LVMH Moet Hennessy Louis Vuitton shares have fallen. The luxury products maker confirmed that it is not considering buying Tiffany & Co. shares on the market.

Intermediate Capital Group has also tumbled. The asset manager reported a rise in net assets, but profit fell 37 percent for the year ended March 31.

Rolls Royce Holding ha also moved to the downside. The engineering giant, which makes jet engines, said it would slash more than 3,000 jobs in the U.K. due to the coronavirus pandemic.

BP Plc and Royal Dutch Shell wareere moving lower as oil prices have declined on concerns that major producers will be unable to agree to extend the record level of output cuts that have supported recent gains.

On the other hand, spirits company Remy Cointreau has jumped after it predicted a strong recovery in the second half, driven by China and the United States.

In economic news, Eurozone retail sales decreased 11.7 percent month-on-month in April, following an 11.1 percent drop in March, Eurostat data showed. Economists had forecast a monthly decrease of 15 percent.

The U.K. construction sector downturn eased in May, reflecting a gradual reopening of construction sites as lockdown measures introduced to curb the spread of coronavirus were eased in England, survey data from IHS Markit showed.

The IHS Markit/Chartered Institute of Procurement & Supply construction Purchasing Managers' Index rose to 28.9 in May from 8.2 in April. This was the second lowest score since February 2009.

The construction Purchasing Managers' Index for Germany rose to 40.1 in May from 31.9 in April. Output remained deep in contraction territory in May amid reports of restrictions on workplace activity and a slump in new work.

U.S. Economic Reports

First-time claims for U.S. unemployment benefits pulled back further off their recent record high in the week ended May 30th, according to a report released by the Labor Department on Thursday.

The report said initial jobless claims tumbled to 1.877 million, a decrease of 249,000 from the previous week’s revised level of 2.126 million.

Economists had expected jobless claims to slump to 1.800 million from the 2.123 million originally reported for the previous week.

Jobless claims pulled back further off the record high of 6.867 million set in the week ended March 28th, although the number of new claims since the coronavirus lockdowns now exceeds 42.6 million.

A separate report released by the Commerce Department on Thursday showed the U.S. trade deficit widened by slightly more than anticipated in the month of April.

The Commerce Department said the trade deficit widened to $49.4 billion in April from a revised $42.3 billion in March.

Economists had expected the trade deficit to widen to $49.0 billion from the $44.4 billion originally reported for the previous month.

The wider trade deficit came as the value of exports plunged by 20.5 percent to $151.3 billion, while the value of imports tumbled by 13.7 percent to $200.7 billion.
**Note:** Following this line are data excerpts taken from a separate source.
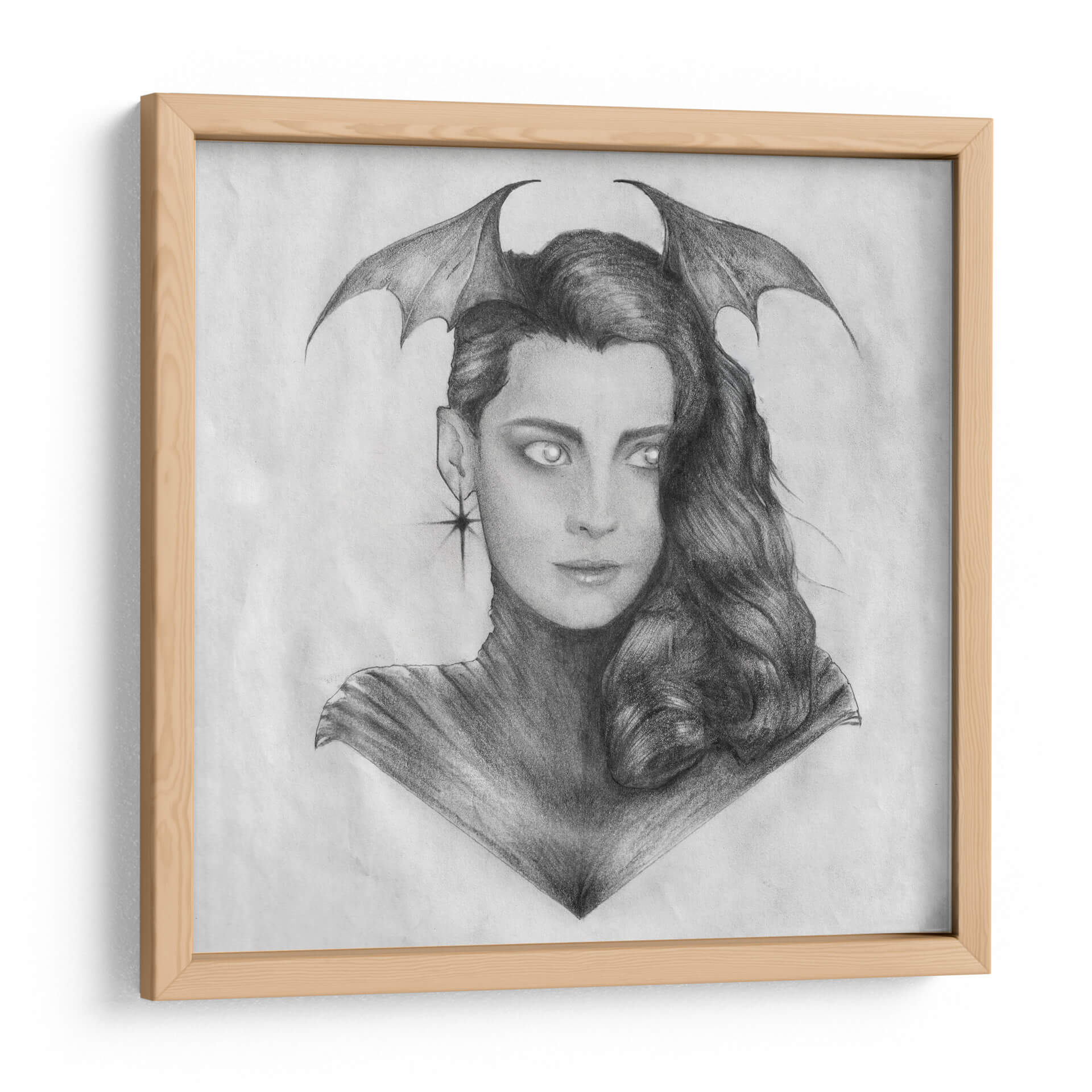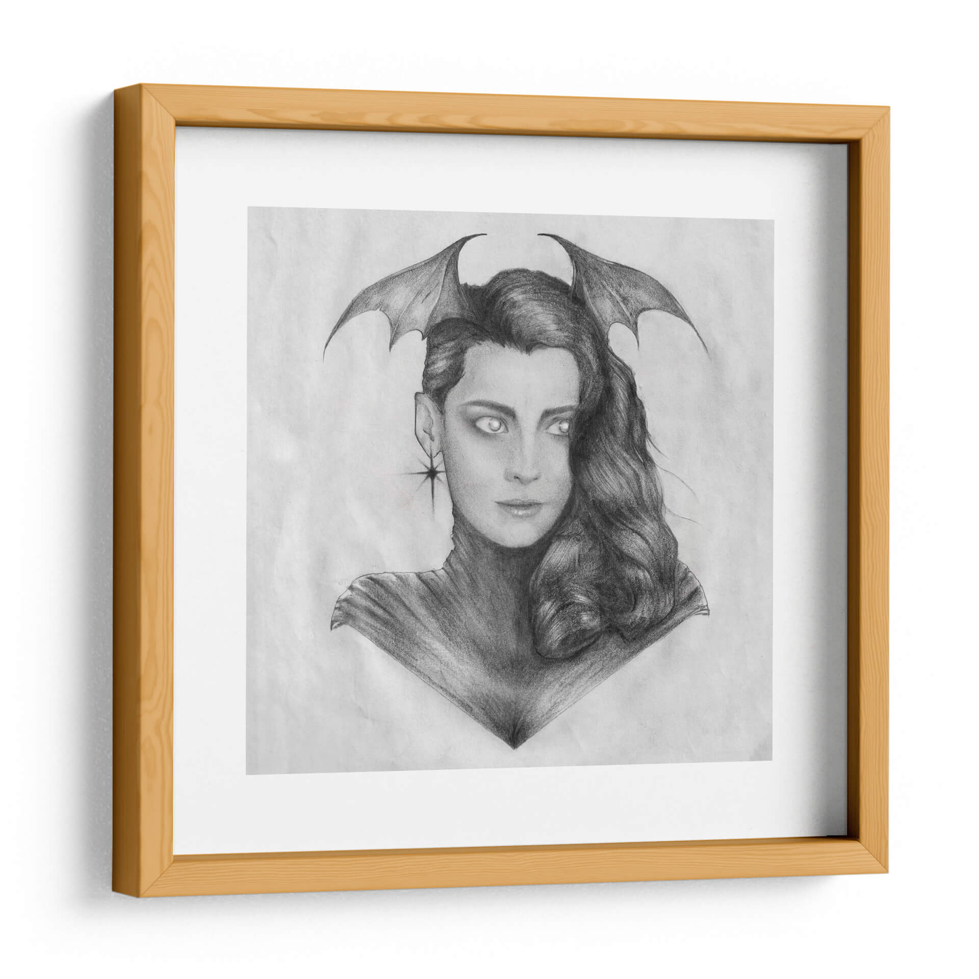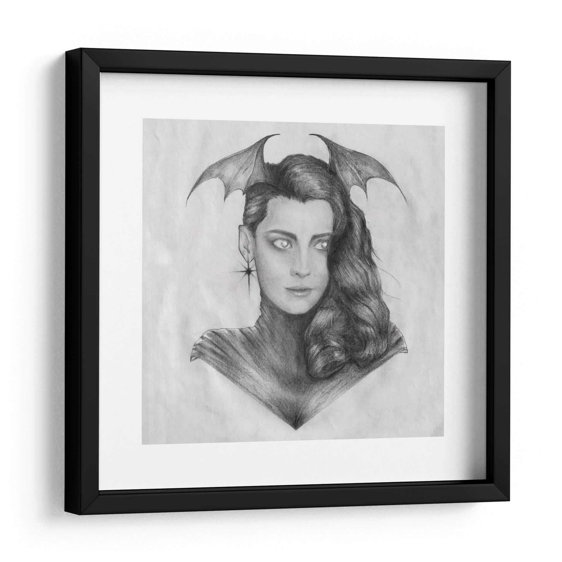 Sumérgete en el enigmático mundo de "Vampire", una obra de arte cautivadora creada por el artista Iván Terrible. Este detallado retrato a lápiz presenta a una figura femenina etérea con alas de murciélago sutiles, evocando un aura de misterio y belleza gótica. La paleta de colores monocromática, lograda con maestría a través de sombreados y texturas de grafito, resalta la delicadeza de los rasgos faciales y la profundidad de la mirada, que parece fijarse en un punto distante o en el espectador con una intensidad hipnótica. La suave ondulación del cabello y la elegancia del cuello alto contrastan con la forma angulosa de las alas, creando una composición visualmente atractiva y llena de matices. "Vampire" es más que un simple cuadro decorativo; es una invitación a explorar los límites entre la fantasía y la realidad, perfecta para añadir un toque de intriga y sofisticación a cualquier espacio. Ideal para quienes aprecian el arte oscuro y la estética alternativa, este cuadro es un punto focal que genera conversación y admiración. Añade un toque de misticismo y arte contemporáneo a tu hogar u oficina.
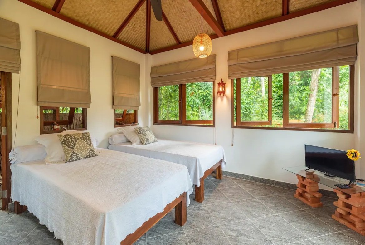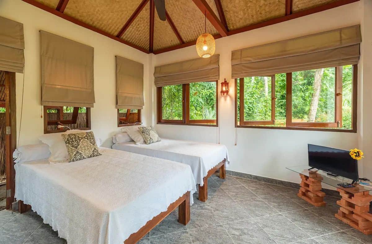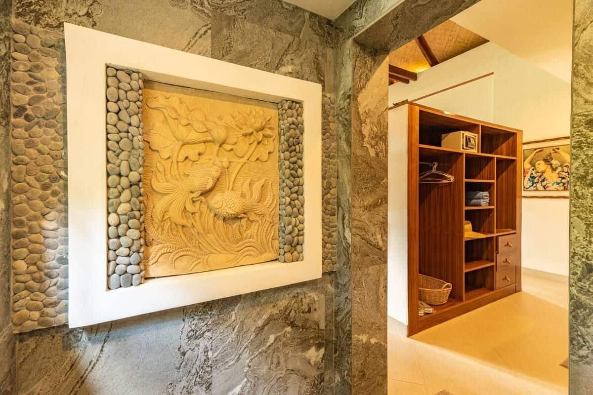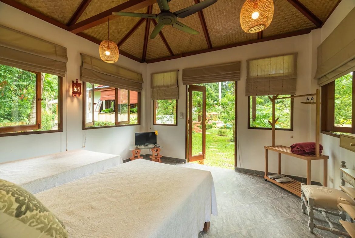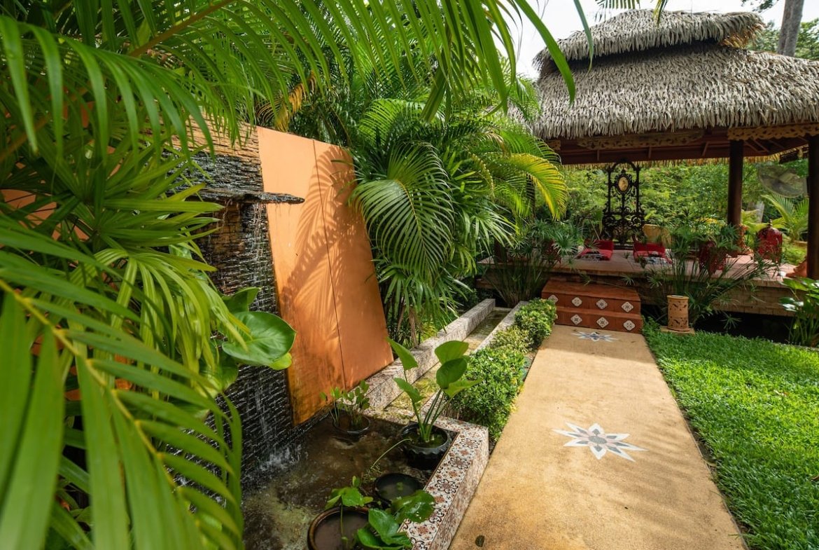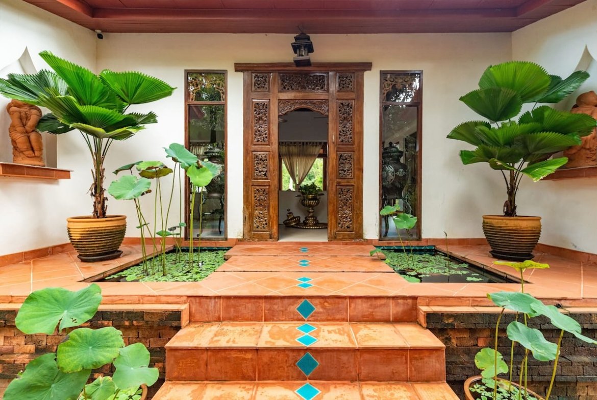 Enjoy the serene atmosphere with features like native mango and coconut trees, two koi ponds, and a tranquil creek. The villa is perfectly secluded yet conveniently located just a short stroll from the beach, local shops, and cafes.
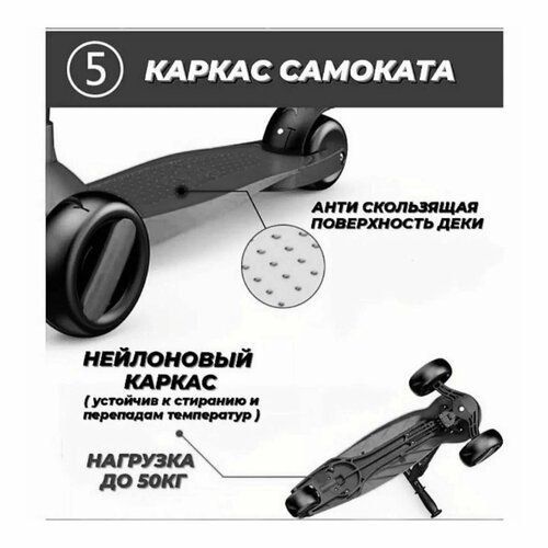 Регулируемый руль: Специально разработанный руль с возможностью регулировки позволяет адаптировать самокат к индивидуальным потребностям ребенка.
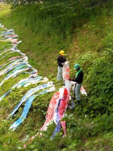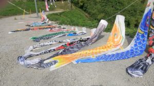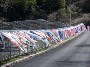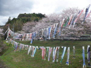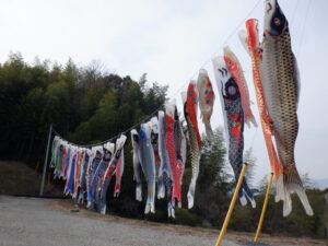 送られてきたこいのぼりは必ず1度は泳がせ、小さいサイズのものは1列にして金網に結んでいる。山中にたなびく姿は壮観で、桜が咲くこの時期は色とりどりの見事な鯉を鑑賞できる。
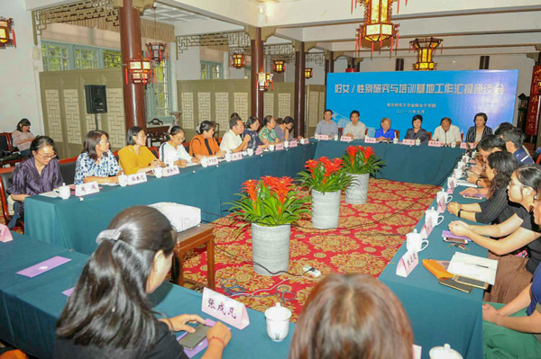 ,充分发挥南师大综合性学科优势,整合校内外资源,在推进妇女/性别研究和妇女培训、妇女发展中发挥积极作用,在学术研究、课程建设、社会服务方面成效显著,成为学校新时期重要的办学特色。随后,基地部分教师代表也先后发言,基地前主任钱焕琦教授介绍了吴贻芳研究中心自成立十年以来所做的工作,特别是传承吴贻芳老校长的教育思想、贯彻“全人教育”理念的成效;熊筱燕教授介绍了省家政学会成立以来取得的成果及今后发展的努力方向。社发院、文学院等其他学院的基地教师代表,也分别结合各自的学科专业,就性别教育及女性发展发表了自己的看法,表示今后要将妇女性别研究与社会服务紧密结合,竭尽所能推进基地建设,服务女性发展。
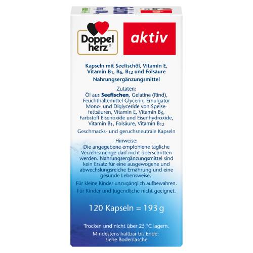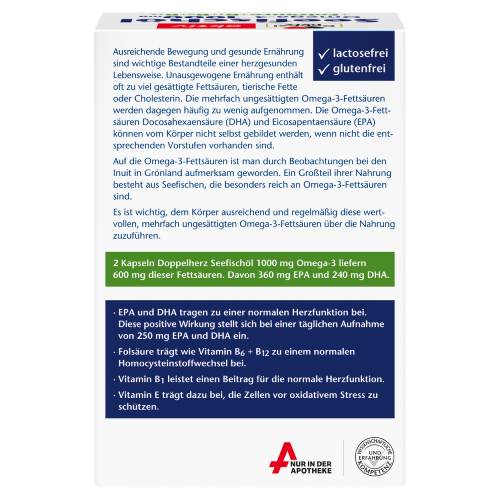 1 Kapsel Doppelherz Seefischöl Omega-3 1000 mg + Folsäure + B1 + B6 + B12 liefert bereits 180 mg EPA und 120 mg DHA. EPA und DHA spielen eine Rolle für die normale Herzfunktion.
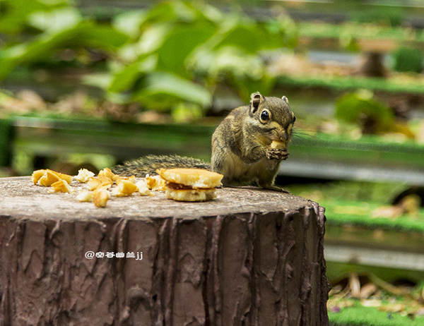 路遇可愛的小精靈,開始它還有些害怕,后來(lái)放在樹樁上食物,它的膽子就大了起來(lái)。
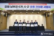 코리아타임뉴스 김택호 기자 | 강원 남부권 6개 시군(원주·횡성·영월·평창·정선·태백)은 24일 오전 11시, 호텔인터불고 원주에서 국토교통부의 ‘제7차 공항개발 종합계획’에 ‘원주(횡성)공항의 국제화 사업 반영’을 요청하는 공동 건의문을 채택했다. 이날 서명식에는 원강수 원주시장, 김명기 횡성군수, 이상호 태백시장, 최명서 영월군수, 심재국 평창군수, 최승준 정선군수 등 강원 남부권 6개 시군의 시장·군수가 모두 참석해 원주(횡성)공항 국제화 추진에 뜻을 모았다. 이번 공동 건의문 채택은 원주(횡성)공항 국제화가 침체된 강원 남부권 경제를 되살리고 공동 번영을 이끌 핵심 인프라라는 인식을 공유하고, 이에 대한 정부의 적극적인 지원과 조치를 요청하기 위해 마련됐다. 건의문의 주요 내용은 ①강원 남부권의 절실한 지역 현안과 새로운 돌파구 필요성 ②원주(횡성)공항의 경제적 파급 효과 ③국토교통부의 선제적 결단 촉구 등이며, 강원특별자치도를 통해 국토교통부에 전달될 예정이다. 원주(횡성)공항의 시설 개선으로 국제선 유치 여건이 갖춰지면, 강원 남부권 지역 경제 활성화는 물론, 수도권과 비수도권 간 격
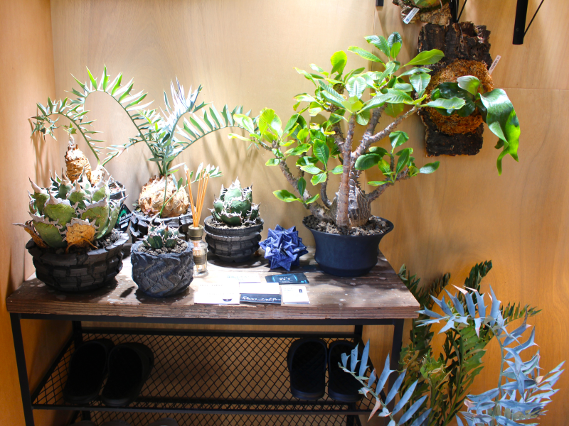 巧さんが自分で施工したこだわりの空間です。店内に置かれたアガベの仲間やサボテンが出迎えてくれます。
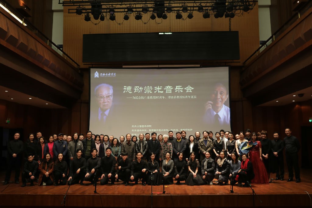 谭冰若教授始终关注社会声乐教育活动,桃李天下。他的学生涂甄莉特意从意大利归国,为表对尊师的怀念,登台献唱勃拉姆斯《我的歌》(Op.106 No.4)以及歌剧《女人心》选曲《我的心坚如磐石》,情真意切,令人感慨。上世纪改革开放后,吉他逐渐在中国年轻人中受到青睐,但因其通俗性,遭到偏见与误解,被认为是不登大雅之堂的乐器。谭冰若先生在当时冒着政治上以及旁人讥嘲的风险,通过撰写文章、开展讲座,肯定了吉他的艺术价值,为吉他恢复了名誉。经过谭冰若先生的热情支持,吉他这门乐器越来越被人们所接受,在国内取得迅速的发展。由上海音乐家协会吉他专业委员会主任闵振奇独奏古巴电影同名曲《十一月的一天》,上海音乐家协会吉他专业委员会吉他乐团合奏《阿尔罕布拉宫的回忆》,两部古典吉他作品让我们回想起谭冰若教授对于肯定吉他艺术价值所作出的努力。最后,音乐会在大合唱《国歌串烧》中达到高潮,使观众将老一辈音乐学家的贡献与今天世界的发展联系在一起,使我们不忘初心,砥砺前行。
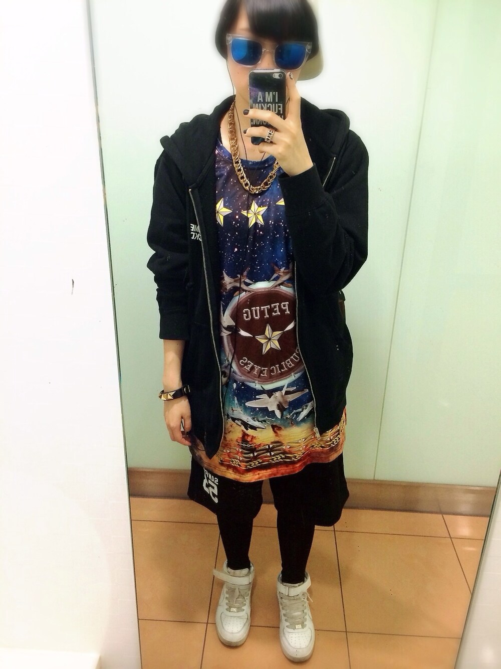 東京来ましたよ〜〜〜 今日はライブ(^O^) 今年初サングラス〜 サングラス/BUBBLES ハーパン/H&M レギンス/H&M スニーカー/NIKE

At 11 am ET, the Treasury Department is scheduled to announce the details of this month’s auctions of three-year and ten-year notes and thirty-year bonds.

Stocks In Focus

Shares of Cloudera (CLDR) are moving sharply lower in pre-market trading after the software company reported better than expected fiscal first quarter results but provided disappointing guidance.

J.M. Smucker (SJM) may also move to the downside after providing weak full-year earnings guidance. The food company reported fiscal fourth quarter results that exceeded analyst estimates on both the top and bottom lines.

Shares of The Michaels Companies (MIK) are also likely to come under pressure after the arts and crafts retailer reported fiscal first quarter earnings that came in well below expectations.

On the other hand, shares of Navistar are likely to see initial strength after the trucks and diesel engines maker reported a narrower than expected fiscal second quarter loss.